By: Dan Hueber –
The crude oil market is off to somewhat of an inauspicious start here in 2017. It is not that prices have actually done anything that could be regarded as negative but neither have we been able to extend the gains witnessed into the end of last year. The highest close of the year thus far occurred during the very first week of January, which in fact was the highest weekly close posted since June of 2015. Since that date, the market has basically been adrift, searching for a new current to provide direction once again. It is not that OPEC in not trying help and according to their own data, they have already reduced output by 1.5 million barrels per day of the 1.8 million that was agreed to be cut back but realistically, that is little more than a verification of old news, not something fresh.

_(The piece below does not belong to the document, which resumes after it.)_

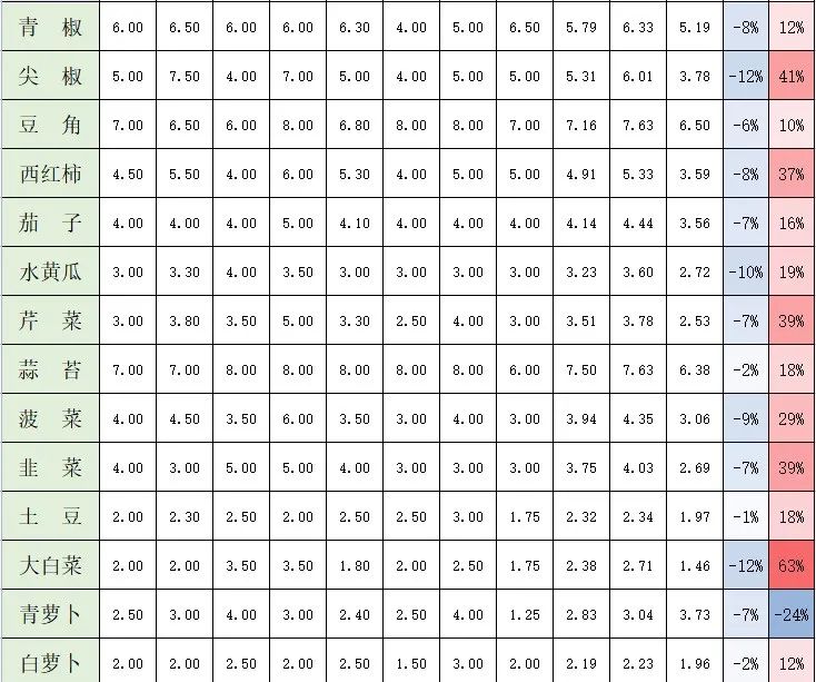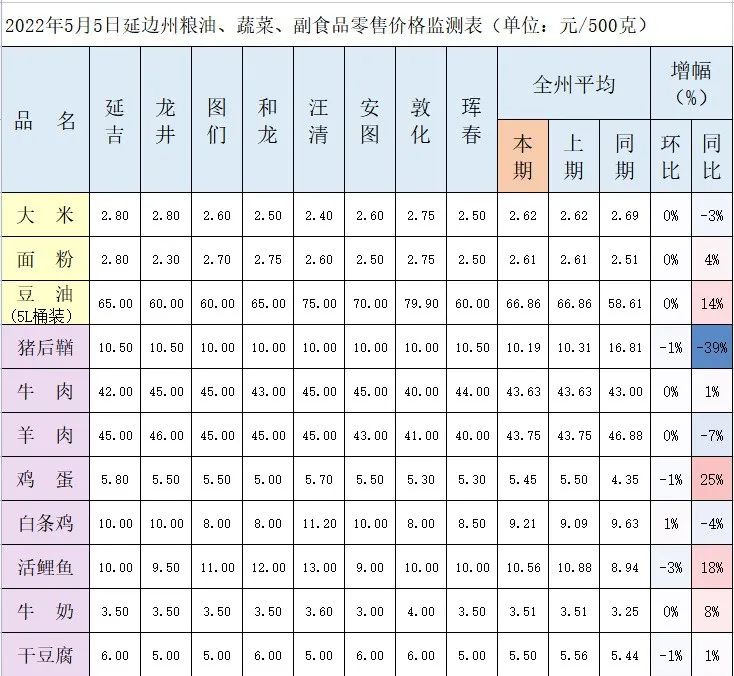 연변주 알곡, 기름, 남새, 부식품 소매가격 감측표 (5월 5일)

The problem then is that investment money had already flowed into the markets in anticipation. Hedge fund and institutional investors are now holding the largest long position in the various crude markets since 2014, which begs the question as to where the next investment dollars will come from unless the market can uncover a new bullish slice of information to cling on to. Looking this market from a purely technical standpoint, we are as overbought as we were last summer at the highs and potentially ripe for a correction lower. By no means would I expect that to turn into any kind of rout to the downside but defensive action there would be a drag on the overall commodity indexes and could tend to keep investment money on the sidelines for several months yet.
Informa released an updated acreage projection yesterday, projecting a 3.7% cut in corn taking it to 90.5 million and 6.2% increase in beans ending up with a projected total planted of 88.6 million and a 6.7% bump higher in cotton as well to 10.5 million. If correct, in raw acreage figures this would be a 3.5 million acre cut in corn, a 5.2 million acres increase in beans and a 430 million boost in cotton. The biggest loser (no reference to the TV show) is wheat, which the USDA baseline projections that were released last month have already taken down to 48.5 million acres. This would be down just a couple million from last year but has been in steady decline since the 2008/09 crop year when we planted 63.2 million acres. The official USDA acreage number will not be released until the end of March but the annual Agriculture Outlook Forum will be held on the 23rd/24th of February at which the statistically derived baseline numbers are announced. Anymore this figure seems to carry as much market weight as the later estimates.
As I commented yesterday morning, the action in the corn market at that time was looking just a bit ominous and indeed, we posted an outside lower reversal in not only corn but nearby wheat as well. While the follow-through this morning is not severe, that action would appear to have confirmed that we have a reaction high in place and potentially sets us up for a downward corrective swing in the month of February.